Изменить размер шрифта - +
Беру еще клок волос и начинаю работу заново.

Что было раньше? Чем дальше события, чем ближе они к тому дню, когда меня запихнули в машину и укрыли лицо тряпицей, пропитанной эфиром, тем сложней мне о них вспоминать. Они сбиваются в ком, путаются местами, я не помню ни вопросов, ни ответов; ни ночей, ни дней. Я думала одно, с языка срывалось другое, тело выдавало третье. Интересно, все ли преступники так чувствуют?

Меня долго допрашивали. Часы, может быть, сутки. Я честно пыталась рассказывать все по порядку, ничего не упускать. Полицейские слушали меня, а потом… Один из них нервничал, он взял часы с блестящей крышкой и принялся их крутить, и крутить, и… Все стало гораздо хуже.

Меня перевели в городскую больницу. Допросы продолжались. Мне сказали, что в пансионе ничего не нашли. Никаких записей, красных нитей, никаких следов эксперимента. Но я видела – они лгут, лгут чтобы меня проверить. Так я и сказала. Помню, как они переглянулись.

А тихий человечек в углу впервые за много часов подал голос. Он сказал три слова, которые решили мою дальнейшую судьбу:

– Истерия. Аффективный психоз.

Слушание по делу об убийстве пана Лозинского я почти не помню. Рядом был громкий мужчина, он все время призывал вглядеться в мое «ангельское лицо», называл «невинной мученицей» и взывал к милосердию. Говорил, что современная медицина еще может спасти мою заблудшую душу. Я его ненавидела. Даже больше тех, кто твердил, что я опасна, что я все продумала.

Почему? Потому что в надежде быть услышанной и понятой, я рассказала адвокату все. Он записал все слово в слово. Но ничего из этого не прозвучало в суде. Приговор отложили до окончания обследования.

А дальше снова полились деньги и закружились связи. Меня обследовали, и обследовали, и обследовали… По крайней мере, так это называлось.

Не уверена, что можно понять о человеке, хлеща его водой из пожарного шланга. Багровые пятна еще долго не сходили у меня с груди, живота и бедер. А я все трогала их, проминала кровоподтеки пальцами, потому что успокоительные уже начали смазывать реальность. Мне хотелось чувствовать свое тело, удостоверяться, что я все еще нахожусь внутри него.

В начале я еще не была такой смирной, как теперь. Когда начались встречи с лечащим врачом, я предприняла еще одну попытку достучаться хоть до кого нибудь. Он был мягок, деликатен, слушал и много кивал. А потом вдруг спросил, есть ли у меня месячные и не двоится ли в глазах.
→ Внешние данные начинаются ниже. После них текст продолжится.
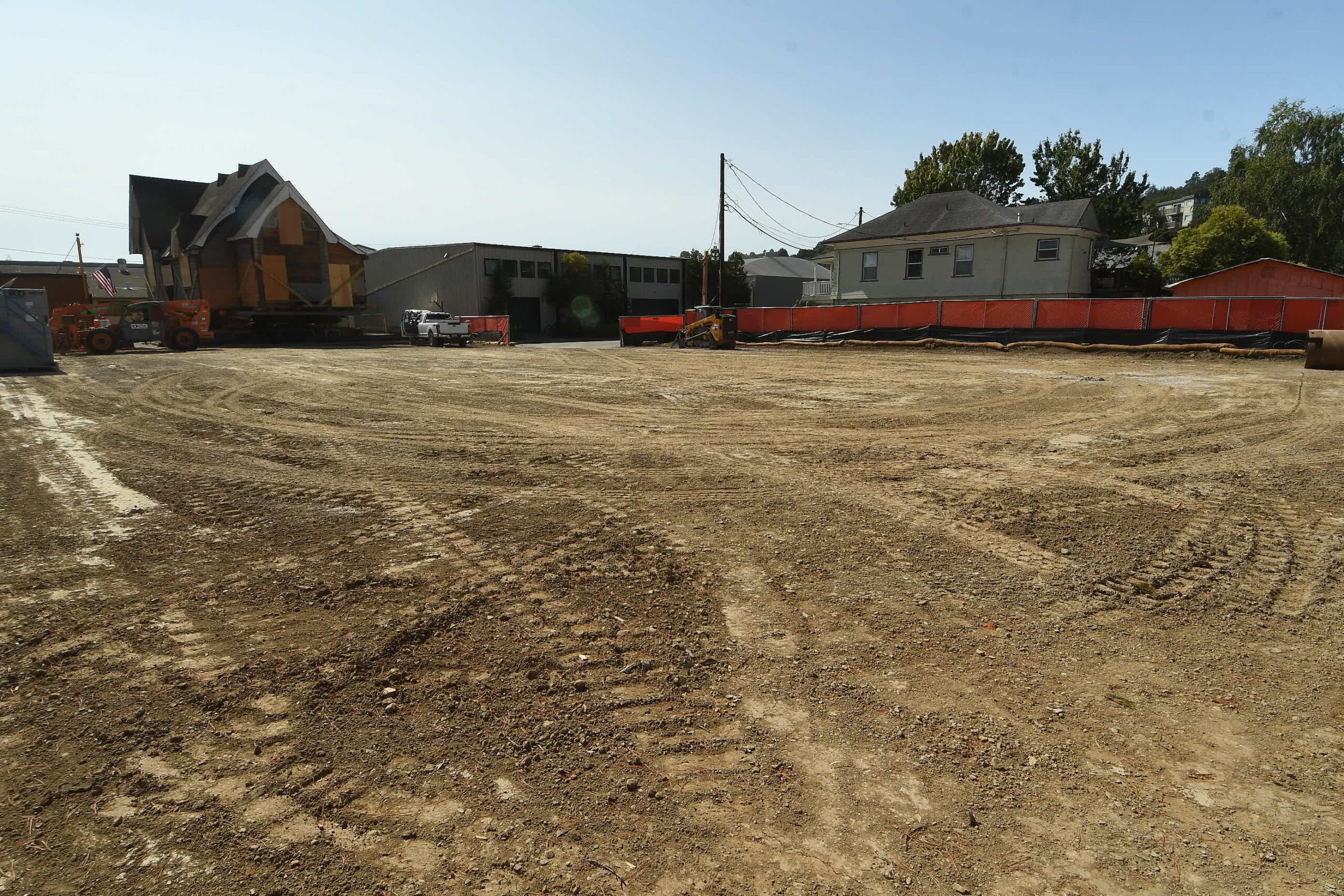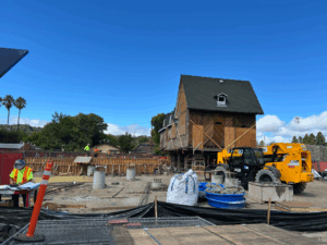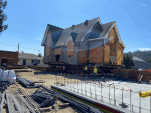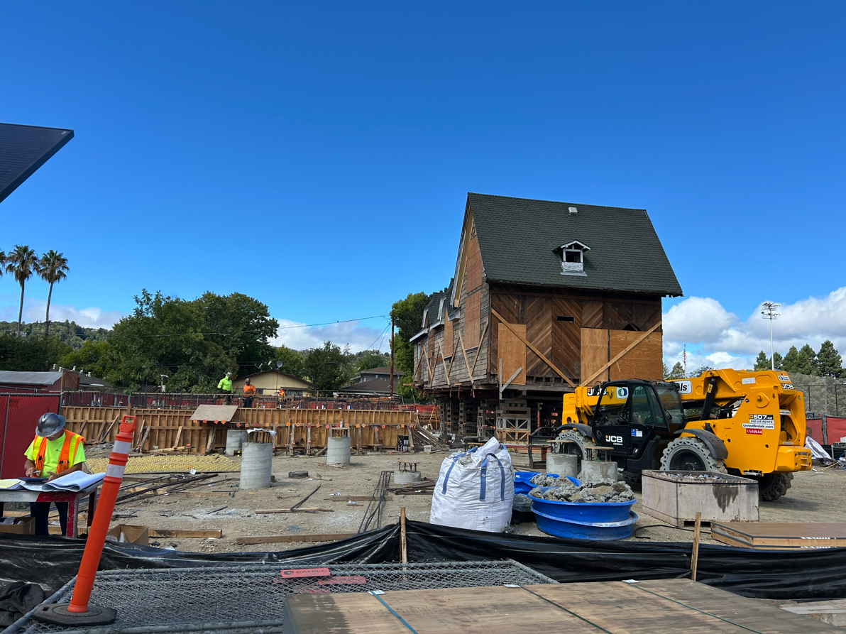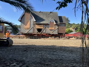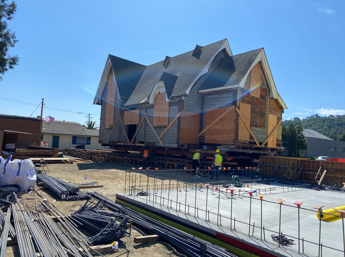 The historic building was moved (see that amazing video here!), and then moved again. It now rests in its permanent location at the front of the site.

Тогда я поняла, что предсказание пани Новак сбылось. Что отныне и навсегда я сумасшедшая. Внутри взорвался ядовитый пузырь, и чернота затопила все вокруг. Последним, что я увидела, когда меня уволакивали из аккуратного докторского кабинета, было его белое лицо и пятно чернил, растекающееся по обоям чуть левее его головы.

С того дня уколы стали регулярными. Когда я сопротивлялась – а поначалу я сопротивлялась каждый раз – меня скручивали тряпичными жгутами, и я сама была как тряпка, завязанная узлом. Я билась и кусалась, хохотала и выла. Ведь если они так верят в мое безумие, почему я не могу вести себя так, как хочется? Мне делали больно – я старалась сделать как можно больнее в ответ.

«Веронал» – так было написано на крошечных склянках с лекарством – тормозил мои нервы, размягчал мышцы, усмирял бранящийся рот. Я все еще мыслила связно, но тело уже не слушалось. После укола я не могла встать с кровати и дойти до окна.

Но мне так хотелось увидеть землю, деревья, людей внизу, что я собрала в кулак остатки сил и доползла до подоконника. Окно забрано решеткой, поэтому, чтобы увидеть, как можно больше, нужно прижаться к ней лицом. Я глядела на унылый зимний пейзаж, жадно впитывая каждый квадратный метр открытого пространства.

Не знаю, какой был месяц, но снег уже не казался празднично новым, каким он бывает в сочельник. Здание больницы имело белые стены и было выстроено в форме буквы П, так что я могла видеть окна крыла напротив, но в них никто не смотрел.